Three New Exoplanets Seen In Direct Photographs 43
The Bad Astronomer writes "Planets orbiting other stars are usually found indirectly (by blocking their stars' light or inducing a Doppler shift in the light as they orbit, for example), but direct images of exoplanets are extremely rare. However, using the 10-meter Keck telescope in Hawaii, astronomers have taken photographs of three nearby exoplanets, all young, massive, and hot. One may be massive enough to count as a brown dwarf, but the other two are more likely in the planet-mass range. All three are very far from their stars, which means they may have formed differently than the planets in our solar system."
How long until we get a time-lapse sequence? (Score:5, Interesting)
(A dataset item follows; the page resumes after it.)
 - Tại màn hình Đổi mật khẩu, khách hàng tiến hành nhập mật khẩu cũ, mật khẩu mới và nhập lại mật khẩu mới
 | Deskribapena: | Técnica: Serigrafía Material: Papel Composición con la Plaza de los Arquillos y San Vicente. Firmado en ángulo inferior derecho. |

As awesome as this is, I'd love to see a time-lapse series of an exoplanet orbiting its star. I think that'd really drive home what we're looking at.
Re:How long until strong evidence for life? (Score:5, Interesting)
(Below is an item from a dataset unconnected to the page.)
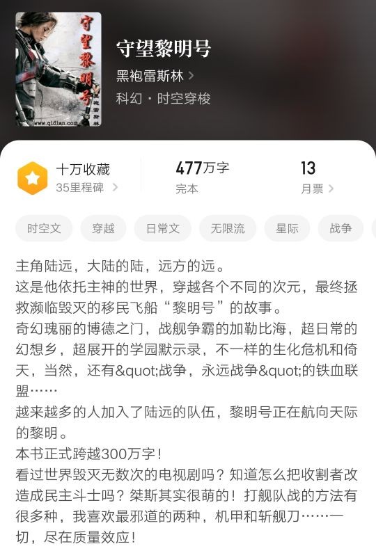 书评:无限主神流,做主神的奴隶,哪有做主神男人爽!这是一本挂着科幻,实为无限,看似专情,最后种马的小说。副本有博德之门、加勒比海盗、幻想乡、倚天、学园都市、质量效应等。整体比较正能量,主角和他的后宫们在质量效应世界怼外星人,写出了星辰大海的感觉。主角表示,除了自己一切轮回者都是屌丝。

If you'd asked anybody that 25 years ago they'd laugh and say it's impossible. My first thought is it still might be, but the jumps they've made in imaging over the last few decades are staggering. Now you can get as good resolution from ground-based telescopes as the ones in space, because the image processing has gotten so much better.
It would be quite a feat to directly image life on a planet over vast distances and through atmospheres, so my complete and total guess is unless they've got something really large and obvious like city lights, we probably can't.
I can't speculate how, but I'm not an astro-physicist (or a physicists for that matter) ... for all I know some of the boffins are trying to figure out how they'd go about this. It certainly would be one hell of a feat.
When I was in university and hung out with astrophysicists, the notion of detecting an exoplanet was still a bit of a stretch. Since then, we've inferred or directly observed so many it's astounding.